Any foreign company that is established for more than 2 years can set up a Representative Office in China. Some companies believe that forming a Rep Office in China faster, cheaper, and easier than forming a WFOE, however, a Rep Office is not considered a separate legal entity under Chinese law and it is limited by law to performing “liaison” activities. The scope of activities of the REPO is limited to:

· business liaisons,

· quality control,

· company and product promotion,

· market research,

· coordinating the parent company’s activities in China,

· exchange of technology and other permitted activities in China that don’t generate profits.

ROs are not allowed to directly engage in operational activities, issue official invoices, nor receiving payments from its clients.

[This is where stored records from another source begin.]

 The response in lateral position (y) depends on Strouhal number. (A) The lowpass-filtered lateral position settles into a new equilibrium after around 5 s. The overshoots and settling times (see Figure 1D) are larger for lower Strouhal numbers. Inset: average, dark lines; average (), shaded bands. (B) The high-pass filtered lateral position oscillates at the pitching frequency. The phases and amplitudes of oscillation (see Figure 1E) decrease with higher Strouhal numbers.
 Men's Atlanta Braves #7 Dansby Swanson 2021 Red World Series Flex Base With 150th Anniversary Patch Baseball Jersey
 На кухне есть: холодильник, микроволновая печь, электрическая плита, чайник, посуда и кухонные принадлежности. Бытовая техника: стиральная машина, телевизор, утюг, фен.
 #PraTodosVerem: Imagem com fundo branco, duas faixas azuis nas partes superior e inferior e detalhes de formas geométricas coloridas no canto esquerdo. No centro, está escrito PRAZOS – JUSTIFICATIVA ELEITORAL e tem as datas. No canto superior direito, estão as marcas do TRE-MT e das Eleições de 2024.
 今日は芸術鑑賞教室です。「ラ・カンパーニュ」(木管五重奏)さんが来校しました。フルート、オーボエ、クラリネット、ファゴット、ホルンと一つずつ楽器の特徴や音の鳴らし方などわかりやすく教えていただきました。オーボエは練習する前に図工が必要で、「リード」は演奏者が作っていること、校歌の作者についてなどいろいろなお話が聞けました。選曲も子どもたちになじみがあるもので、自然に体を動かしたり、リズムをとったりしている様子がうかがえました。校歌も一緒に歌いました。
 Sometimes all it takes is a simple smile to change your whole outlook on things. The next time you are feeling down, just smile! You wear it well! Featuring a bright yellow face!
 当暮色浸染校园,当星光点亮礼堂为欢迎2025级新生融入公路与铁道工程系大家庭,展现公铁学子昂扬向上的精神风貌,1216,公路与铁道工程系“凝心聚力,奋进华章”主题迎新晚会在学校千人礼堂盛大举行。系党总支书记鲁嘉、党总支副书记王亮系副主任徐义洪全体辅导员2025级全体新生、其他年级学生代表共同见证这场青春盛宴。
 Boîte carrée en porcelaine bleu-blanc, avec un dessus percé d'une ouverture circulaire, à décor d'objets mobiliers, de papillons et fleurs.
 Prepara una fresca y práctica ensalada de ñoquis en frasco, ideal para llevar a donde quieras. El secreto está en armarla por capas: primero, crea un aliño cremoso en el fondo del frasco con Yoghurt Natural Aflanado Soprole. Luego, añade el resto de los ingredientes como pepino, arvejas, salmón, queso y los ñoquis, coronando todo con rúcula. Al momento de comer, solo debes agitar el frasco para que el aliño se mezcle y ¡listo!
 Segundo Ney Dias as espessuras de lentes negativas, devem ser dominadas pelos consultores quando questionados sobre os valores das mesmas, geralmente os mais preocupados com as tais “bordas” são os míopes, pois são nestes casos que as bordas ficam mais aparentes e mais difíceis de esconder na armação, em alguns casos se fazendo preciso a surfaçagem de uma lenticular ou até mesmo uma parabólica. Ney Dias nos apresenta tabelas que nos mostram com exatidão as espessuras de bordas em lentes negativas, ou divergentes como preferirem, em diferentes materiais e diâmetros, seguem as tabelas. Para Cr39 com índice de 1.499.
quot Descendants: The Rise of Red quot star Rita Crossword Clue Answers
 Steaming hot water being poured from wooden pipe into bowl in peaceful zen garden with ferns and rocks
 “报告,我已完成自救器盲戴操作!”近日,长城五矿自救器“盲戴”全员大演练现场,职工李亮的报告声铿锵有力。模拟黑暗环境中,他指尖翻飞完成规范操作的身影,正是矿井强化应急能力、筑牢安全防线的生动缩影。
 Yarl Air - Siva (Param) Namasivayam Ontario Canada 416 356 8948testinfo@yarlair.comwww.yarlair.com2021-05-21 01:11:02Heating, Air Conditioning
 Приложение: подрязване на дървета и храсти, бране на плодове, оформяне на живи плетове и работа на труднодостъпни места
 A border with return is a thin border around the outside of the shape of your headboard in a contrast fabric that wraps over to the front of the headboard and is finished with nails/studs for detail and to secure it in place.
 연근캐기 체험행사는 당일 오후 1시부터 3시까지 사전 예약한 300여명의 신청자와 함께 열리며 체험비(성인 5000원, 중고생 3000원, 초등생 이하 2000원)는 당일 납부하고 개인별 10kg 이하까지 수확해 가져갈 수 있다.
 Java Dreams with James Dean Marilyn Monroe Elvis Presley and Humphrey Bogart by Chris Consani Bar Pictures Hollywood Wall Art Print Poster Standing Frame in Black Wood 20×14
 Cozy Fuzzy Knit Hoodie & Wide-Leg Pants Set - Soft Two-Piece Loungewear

Representative Office cannot engage in the following activities in China:

· Directly generate any business for profit;

· Collect money or issue invoices within China;

· Represent any firm other than its parent enterprise;

· Sign contracts or deals on behalf of the parent enterprise;

· Buy property or import production equipment.

The following things must be taken into consideration before establishing a REPO:

· Even though Rep Offices are not permitted to earn income in China, they are subject to taxation.

· The business address of the REPO must be located in commercial buildings.

All things considered, when does it make sense to set up a Rep Office in China? It makes sense if your company wants to have its China presence to improve its sales and to let its customers and potential customers know it is serious enough about China to commit to having an office there.